毎日三枚小説『ウインカー』
「三月は繁忙期だから代替車これしかないんだけどいい?」
国道沿いにあるカーショップのおっさんにそう言って渡された車は社長の愛用している車と同じものだった。
ポルシェ911カレラ。丸みを帯びたフォルムに鈍く銀色に輝くボディー。傷一つなく、見ているだけで寒気がしてくる。新車なら家一軒建つ位の価値があるのだから当然だ。
「まあ、保険には入ってるから気にしないで乗ってよ。三日ぐらいでできるから」
おっさんは汚れた作業着に似合う笑みを浮かべて言う。僕は信じられないという気持ちで首を振ったが気持ちはもうポルシェ一色だった。
違いは一瞬で判った。営業用のプロボックスとは加速が違う。左ハンドルに不慣れな為速度は落として走ったが信号から発進すると、軽く隣の車を追い越せた。毎日営業で車を走らせてばかりだが、今日ばかりはどこまでも国道を走って行きたい気分だった。
会社に戻りすぐ自慢話。同僚は冗談だと思って軽く聞き流すが帰り一目みて驚いていた。三鷹にある自宅まで三十分かかるが、その日は代替車をかりたまま自分の車をほったらかしにして家に帰った。物足りなさを感じるぐらいでついつい彼女を呼び出して助手席に乗せた。
「いつもはドライブなんて嫌がるのにね」
彼女は笑ってそう言う。
折角だから中央道で八王子ぐらいまで向かおうと調布のインターチェンジへ向かう。
しかし途中でふとアクシデントが起きた。何も触ってもいないというのに交差点の前で右折のウインカーが付いた。
僕は驚き何が起こったのかと思っているとウインカーは消える。しかしまた次の交差点に差し掛かると右折のウインカーが付いた。外車にはよくあることだろうと僕は言ったが、何より彼女がとても怖がっていた。当たり前だ。
仕方無く僕は車を三鷹の自宅に戻し、悶々としたままその日を終えた。
昨日のことを同僚に話すと、「じゃあ俺がその車で営業するよ」としゃしゃり出てきたので、怖さより意地になって911カレラで営業に出掛けた。三流スポーツシューズメーカーであるうちの会社では様々な所にアポを取って営業に出掛ける。今日は新製品を取引先に見せに行くだけだから気が楽だった。
昨日と同じ所を通ると、やっぱり右折のウインカーが向いた。昨日は夜だったから恐ろしく感じたが、昼で二度目だったのでそんなに怖くもなかった。
午前中に3社回り、昼の時間になる。どこかで食べようとさっきの国道を走らせると左折のウインカーが付いた。
まあ、いいや。腹減ったし……。
でも今回は交差点を過ぎてもずっと付いたままだ。ウインカーを右折に変えても変化はない。
仕方無いな。明日には車検が終わるし、と観念し適当な交差点を左折した。
県道に入ると左折、右折と次々と指示がでて、最後にはプーとクラクションがなった。目の前は大きなマンションがあって、僕はしばらくそのマンションを眺めた。

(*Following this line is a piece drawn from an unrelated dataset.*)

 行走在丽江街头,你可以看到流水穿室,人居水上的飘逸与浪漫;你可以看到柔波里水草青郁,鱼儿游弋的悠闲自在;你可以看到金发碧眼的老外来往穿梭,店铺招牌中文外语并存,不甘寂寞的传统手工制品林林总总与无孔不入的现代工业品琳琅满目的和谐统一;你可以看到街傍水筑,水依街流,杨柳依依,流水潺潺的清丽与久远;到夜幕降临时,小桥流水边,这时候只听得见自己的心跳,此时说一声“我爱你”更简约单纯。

十分ほど経っただろうか?もう良いだろうと思いアクセルを踏むが何の反応もなかった。
最低だ。あの親父に文句言って車検代ちょろまかせてやろう。そう思って居るとまたクラクションが鳴った。
ふとマンションを見上げるとベランダで洗濯物を干している主婦がいた。
顔は良く見えなかったようだが、気づいているらしい。しばらく見ていると主婦の後ろから人影が現れた。おそらく夫なのだろうが平日なのに休みとはいい気なもんだ。

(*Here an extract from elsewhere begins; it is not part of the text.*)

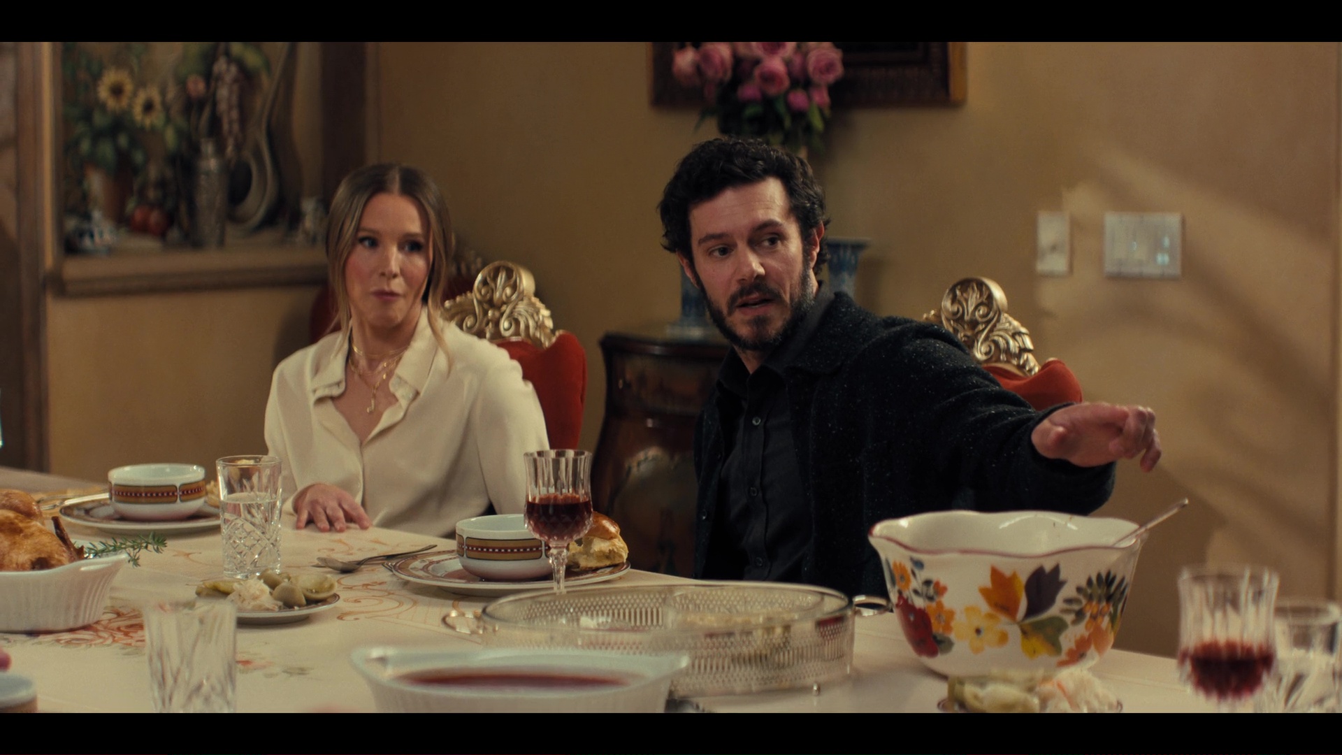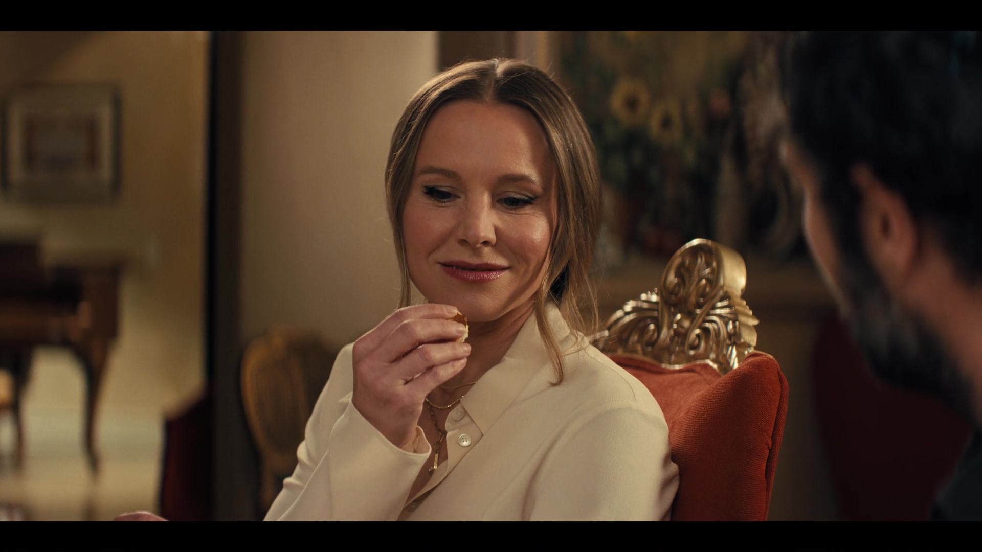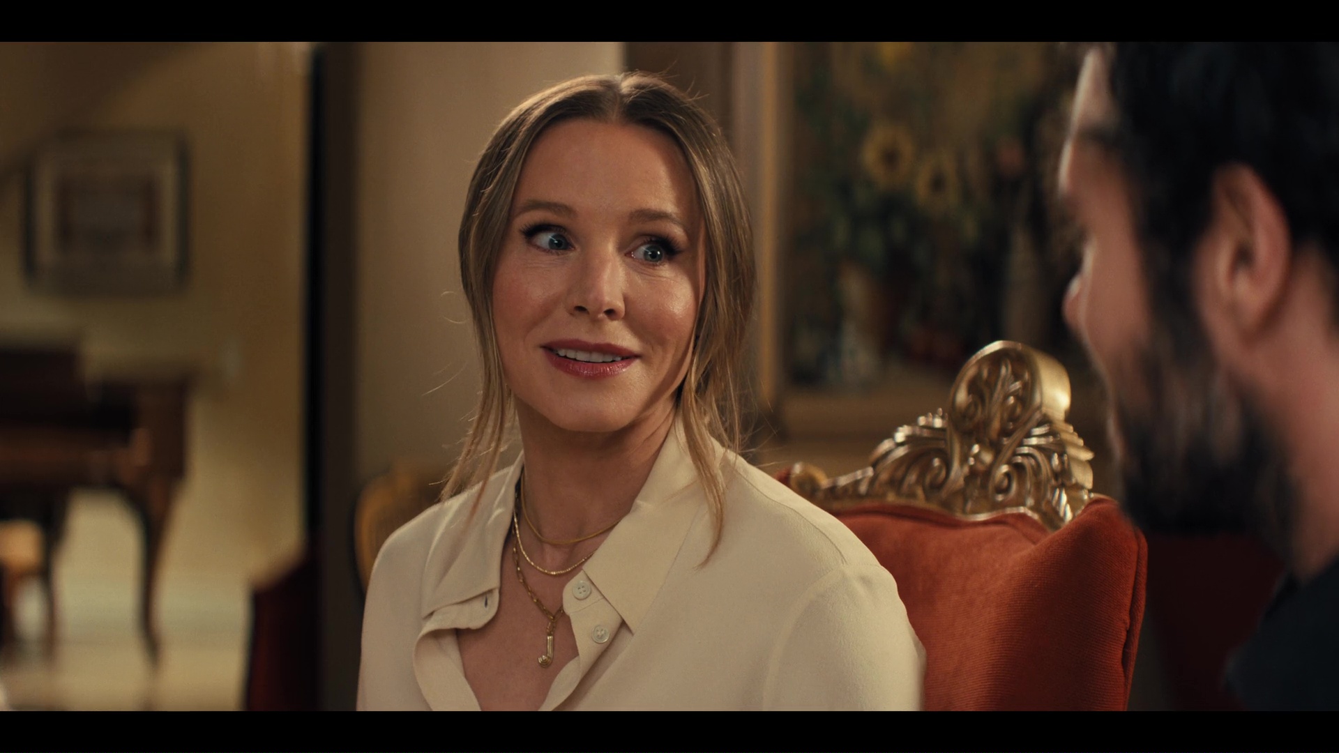 Nobody Wants This screencaps from the second season of the comedy show. Kristen Bell is seen as the character Joanne. She wears a long sleeve silk like shirt in the episode “The Unethical Therapist”.

主婦と夫が僕に気がついて部屋に入る。外に出てくるような雰囲気があった。
僕が知らない相手とどういう顔をしたらいいのか困惑した。
「いやー実は車が勝手にここまで運んできたんですよ〜」
頭がおかしい人にしか見られないだろう。警察を呼ばれるかもしれない。
そう思って居ると勝手に車が動きだした。とは言っても本当にゆっくりと……。
「全く外見と違ってカッコつかねえなあ」
僕がそう言うと車は普通に走りだし、何事も無かったかのように無言になった。
もちろんこんな話だれも信じないだろう。彼女なら信じるだろうけど、嫌がるだろうなと思った。
だから誰にも言わず仕事をこなし、つまらない夕食をすまし何となく明日に期待していた。
車屋のオッサンは何も言ってくれなかった。
「そんな馬鹿な」
そう貸した時と同じ様に笑い、それ以外何の感情もしめさなかった。昨日は夢じゃないんだけどな。まあいいか。
そう思って車検の終わったプロボックスに乗り込むと911カレラはハザードをたいた。
「ありがとよ」
シケた面でそう言っているポルシェは妙に可愛かった。